Every record must be repeated exactly; omit any pictures they contain.

Segment Start: Task input

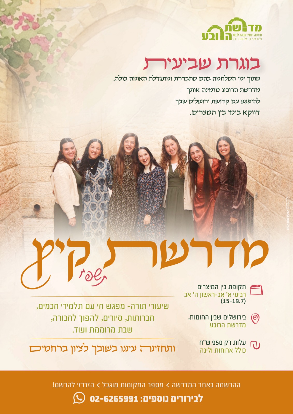 חמישה ימים שהם הצצה לעולמה של בת מדרשה שנועדו- ללמוד, לברר, לשאול, להיענות, להעמיק ולקבל זריקת מרץ להמשך הדרך של כל אחת ואחת.
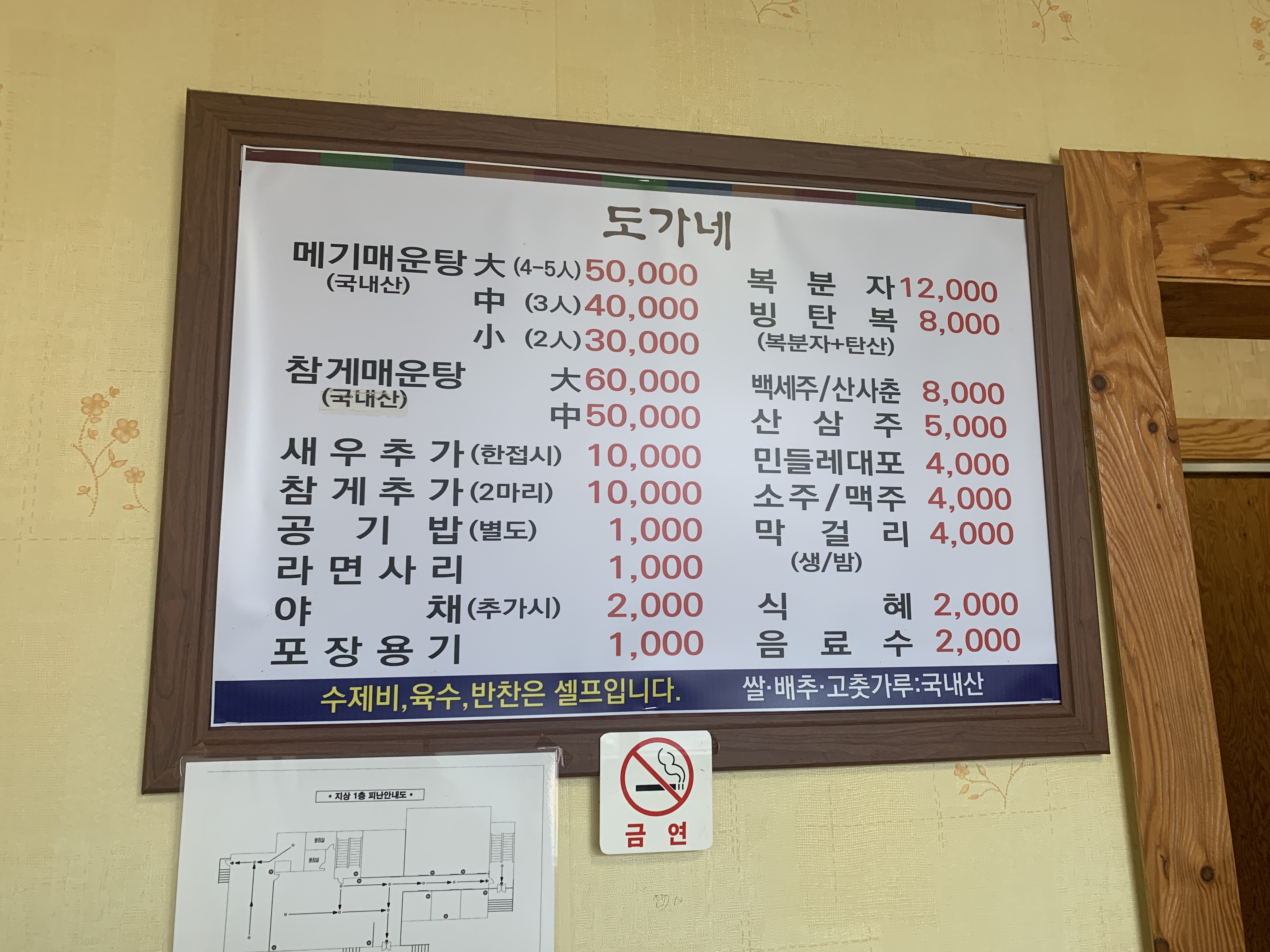 도가네 메뉴판입니다.
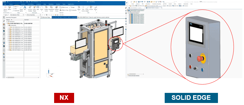 Với chức năng CAD direct thì người dùng Solid Edge có thể mở trực tiếp native files của NX để chỉnh sửa và tái sử dụng, ngược lại người dùng NX cũng có thể mở file Solid Edge để làm điều tương tự. Do đó sẽ hạn chế việc chuyển đối file trung gian giữa hai phần mềm, đảm bảo chất lượng thiết kế.
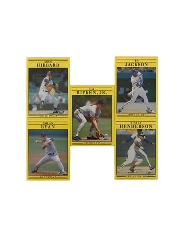 Own a slice of baseball history with this incredible collection of five iconic 1991 Fleer baseball cards. Featuring Hall of Famers Nolan Ryan and Cal Ripken Jr., alongside powerhouses Bo Jackson and Ricky Henderson, plus the enigmatic Greg Hibbard, this lot is a must-have for any serious collector. Don't miss this opportunity to own cards from some of the greatest players of the era. Condition: mint
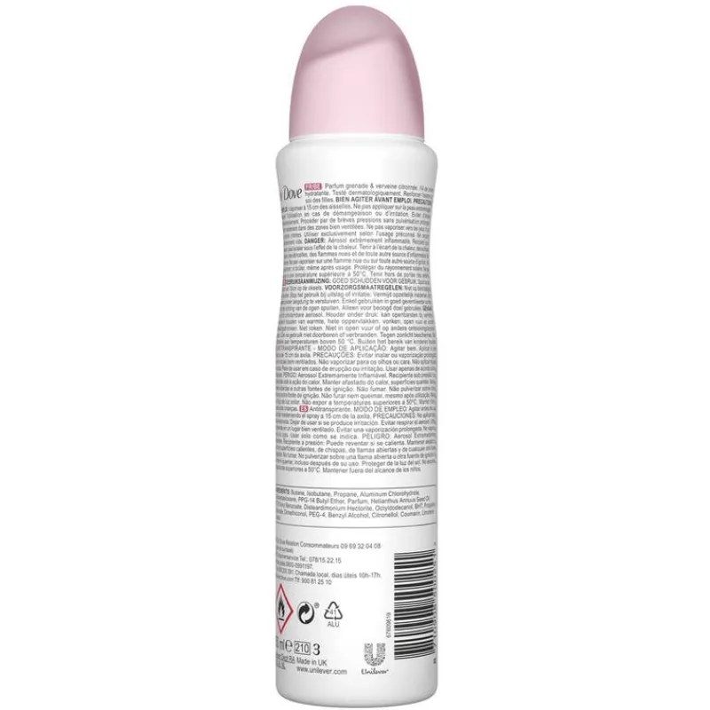 Dove Go Fresh Pomegranate anti-traspirant spray met de heerlijke frisse, pittige geur van granaatappel gecombineerd met een vleugje citroen verbena.

Segment End: Task input

* Problem solution
 חמישה ימים שהם הצצה לעולמה של בת מדרשה שנועדו- ללמוד, לברר, לשאול, להיענות, להעמיק ולקבל זריקת מרץ להמשך הדרך של כל אחת ואחת.
 도가네 메뉴판입니다.
 Với chức năng CAD direct thì người dùng Solid Edge có thể mở trực tiếp native files của NX để chỉnh sửa và tái sử dụng, ngược lại người dùng NX cũng có thể mở file Solid Edge để làm điều tương tự. Do đó sẽ hạn chế việc chuyển đối file trung gian giữa hai phần mềm, đảm bảo chất lượng thiết kế.
 Own a slice of baseball history with this incredible collection of five iconic 1991 Fleer baseball cards. Featuring Hall of Famers Nolan Ryan and Cal Ripken Jr., alongside powerhouses Bo Jackson and Ricky Henderson, plus the enigmatic Greg Hibbard, this lot is a must-have for any serious collector. Don't miss this opportunity to own cards from some of the greatest players of the era. Condition: mint
 Dove Go Fresh Pomegranate anti-traspirant spray met de heerlijke frisse, pittige geur van granaatappel gecombineerd met een vleugje citroen verbena.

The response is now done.